When I say “BEST” it’s important to note that I’m thinking what is “best” for me, not for other people. I don’t need a burst mode of 20 shots per second, as I’m more likely to take one shot in 20 seconds. I’m not a very strong person, and a camera that is too heavy for me becomes a burden. Finally, in “digital”, there are a huge number of settings that can be selected later on in my computer.

Also consider that I am now only shooting in RAW mode, so only the data from the sensor is being captured and sent to my computer. As I see it, very, very few of those hundreds of settings will have any effect at all on my raw image - if I get shutter speed, aperture, and ISO set properly, what else do I need?
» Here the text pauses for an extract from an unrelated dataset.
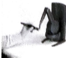
Fig. 2. Geomagic Haptic device[14]

Geomagic, a professional engineering software brand provides Geomagic haptic devices that incorporate a sense of touch into commercial applications and 3 D modeling systems. These devices as shown in Fig. 2, can accurately measure the position and the different alignments of the input devices used [6]. These devices interact with the virtual objects and simulate the touch with the help of the motors being used in the devices. The series of Geomagic haptic devices that are available are Geomagic Touch, Geomagic Touch X, Geomagic Phantom Premium. There are wide variety of Geomagic haptic devices to fit any set of requirements such as range of motion, position and forces. The range of motions supported by Geomagic

All those other fancy camera settings could be achieved in my computer, just as well (or maybe better) than being done by the camera’s computer.

If you accept the above reasoning, then what I probably want is the camera that will give me the very best raw file, meaning more megapixels, and anything that improves the image quality at the pixel level.

(Personally, my M10 Leica was at the top with 24 megapixels, and the newer models are going to be up to 55 megapixels - do I need more? …and while my Nikon Df “only” has 16 megapixels, my D750 has 24, while Joanna’s D810 has 36, and the upcoming D850 will probably have 50 or so - so strictly speaking, I would do “better” with the newer cameras… …BUT… if you’ve been reading the feedback I’ve been getting to improve my images, not once was anyone saying I need more megapixels - I need more of the basic understanding of how to get the most out of my images when Using PhotoLab as my editor.